4. "God Damn" - Probably the heaviest piece on the record (maybe even the heaviest one they ever released), uncomprosingly fast and heavy. Going a bit thrash-y here are we guys? Ain't much to describe here, prepare yourself for some moshing times. Synyster's using some effects on his leads here and there and also shows us his classical guitar side of playing. Expect something like The Godfather meets black metal near the end.
5. "Creating God" - Starts off with heavy riffs again with great melodic chorus. I feel like this song could've easily ended up on "Nigthmare." This one's probably going to be played live a lot, maybe even end up as a second single. Definitely more classic Avenged Sevenfold and more radio accessible than the rest of the album (excluding the title song).
6. "Angels" - I know you all wished for it, but this one really isn't a cover of that famous Robbie Williams tune. In fact it's pretty dark and moody, introducing some weird timing for the first time on this album. Don't worry, there's plenty more towards the album's end. Revolves pretty much around one melody, definitely taking a new direction here.

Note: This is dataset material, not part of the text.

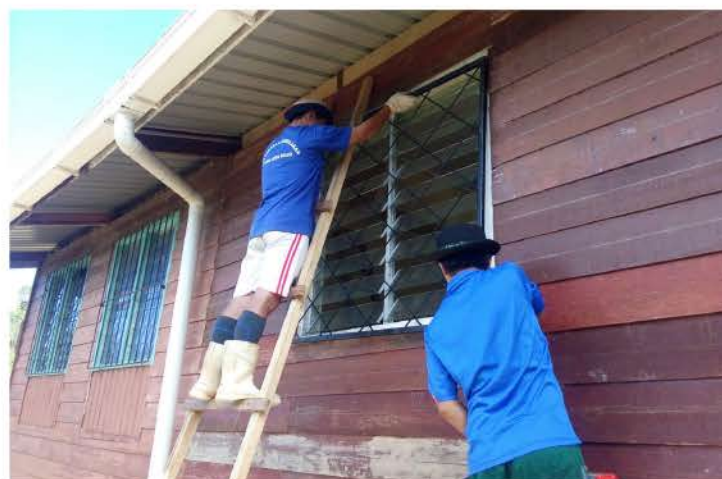
Installing the grill

7. "Simulation" - Verses in this song, for some reason, feel to me like they were taken from some unreleased track off "Chinese Democracy." Rest of the song though is heavy as hell, getting crazy towards the end, with Synyster doing some intense sweep picking and M. Shadows posing as some kind of maniac doctor in a spoken-word part of the song.

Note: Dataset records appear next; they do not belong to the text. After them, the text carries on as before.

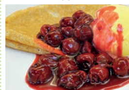
Pancake with frozen yoghurt & hot cherries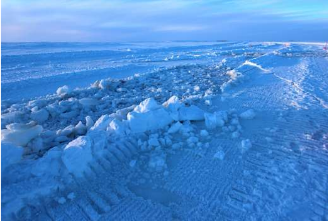
After vehicle retrieval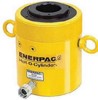
Hollow Core Cylinders

8. Higher" - "City of Evil" meets ambient music on this one. Pretty unique piece from the band. Again, stand-out guitar work by Synyster Gates (I'd love to give more credit to Zacky Vengeance, but I'm not sure if he's involved in recording proccess and they always say that the music is a collective effort by the whole band so...). I dig the use of choir and piano towards the end of the song.
9. "Roman Sky" - This song is the closest it gets to ballad on this album. Don't expect any love song though! Dark and moody vibes here again. It also involves a lot of string arrangements and again, (he really let himself lose on this album) Synyster Gates with his guitar skills.

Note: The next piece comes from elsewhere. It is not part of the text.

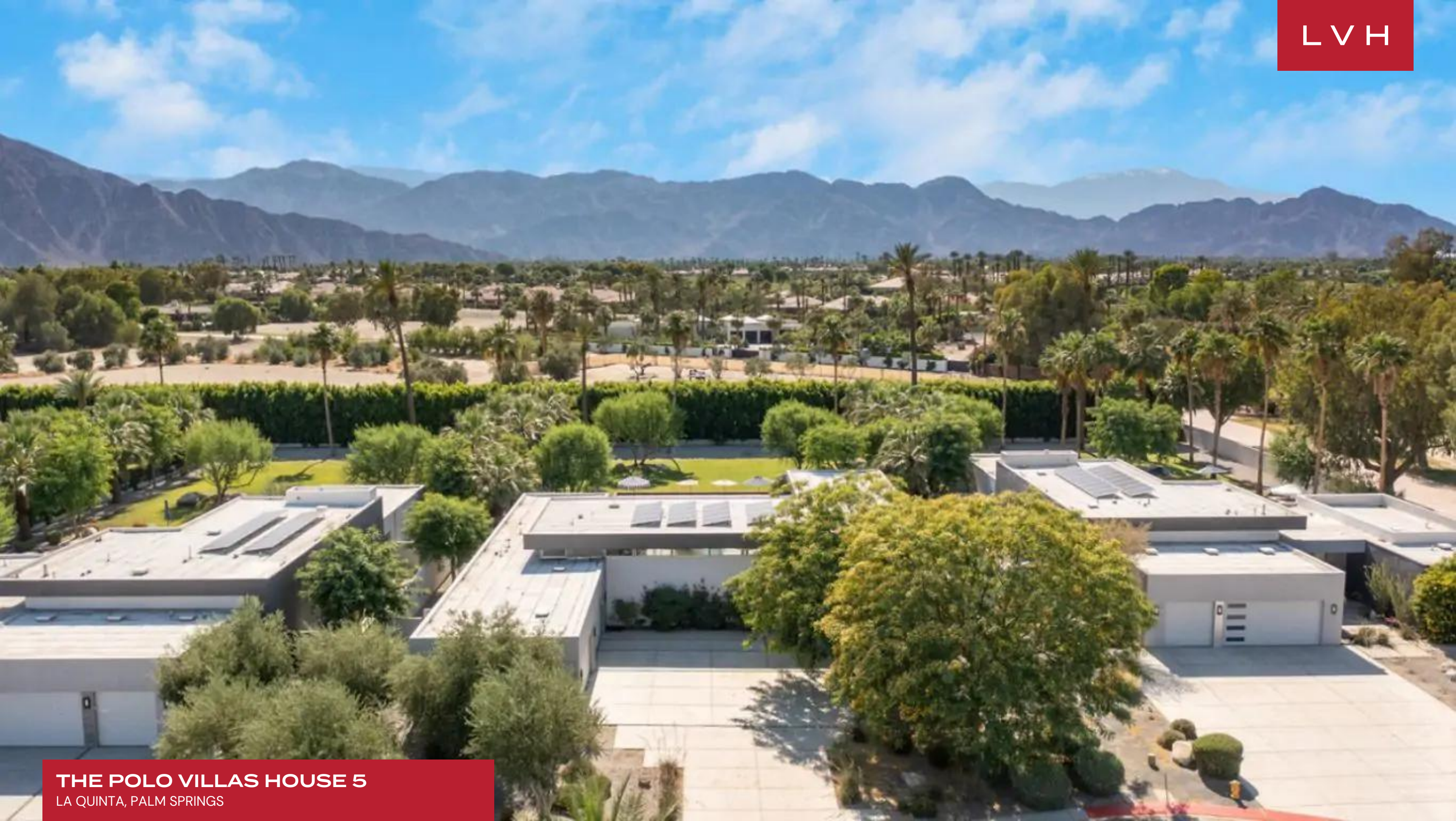
THE POLO VILLAS HOUSE 5 LA QUINTA, PALM SPRINGS

10. "Fermi Paradox" - It has really strong "Hail to the King" vibe to it. Feels like a lost part of "Planets" from the same album sometimes. M. Shadows has some cool vocal moments here, a bit different from his usual way of doing things. Whole song has a pretty sad vibe to it.
11. "Exist" - The ending epic of the album. This is Avenged Sevenfold showing everything they got. Brooks let himself loose and just destroys the drums. This song is more like a soundtrack to a movie and I gotta say, I almost thought it's going to be instrumental until Shadows came in with his vocals. I really wish that the band would go in this direction in the future, because it just suits them so well. Ahhh... what an ending to such epic journey. // 10
Lyrics: No one can argue that M. Shadows is one the of best singers in the world of rock and metal right now. You can hate the band all you like, but he's got the power, the control and range not many other singers can hope to achieve. Lyrically, this album is pretty dark, probably the second darkest after the "Nightmare" album, for reasons obvious to the fans of the band. From my non-native-speaker brain can understand, the theme here the humanity and existentional stuff in general. Some might say that it's an over-used theme for music, but I'd say it fits the music pretty nicely. // 10
Overall Impression: Well I ain't gonna lie to you. Avenged Sevenfold is my favorite band in the world right now and this album everything I wanted to hear from them. It's a step in the new direction, it's massive, heavy, melodic and dark. Every single member of the band has superb skills and it shows. Maybe the only thing I had to get used to was the way drums were mixed on some of the songs. Sometimes it felt to me like they were too high in the mix, but I guess that´s just my speakers and headphones. Top notch quality this album is. // 10
SawGuru, on november 03, 2016 5 of 8 people found this review helpful
Sound: With the surprise release of their newest album "The Stage," Avenged Sevenfold have cast aside the commercial tones of their previous endeavor for a much more ambitious soundscape. Given the unexpected approach in songwriting, this album took a few listens to fully settle in and show its true colors.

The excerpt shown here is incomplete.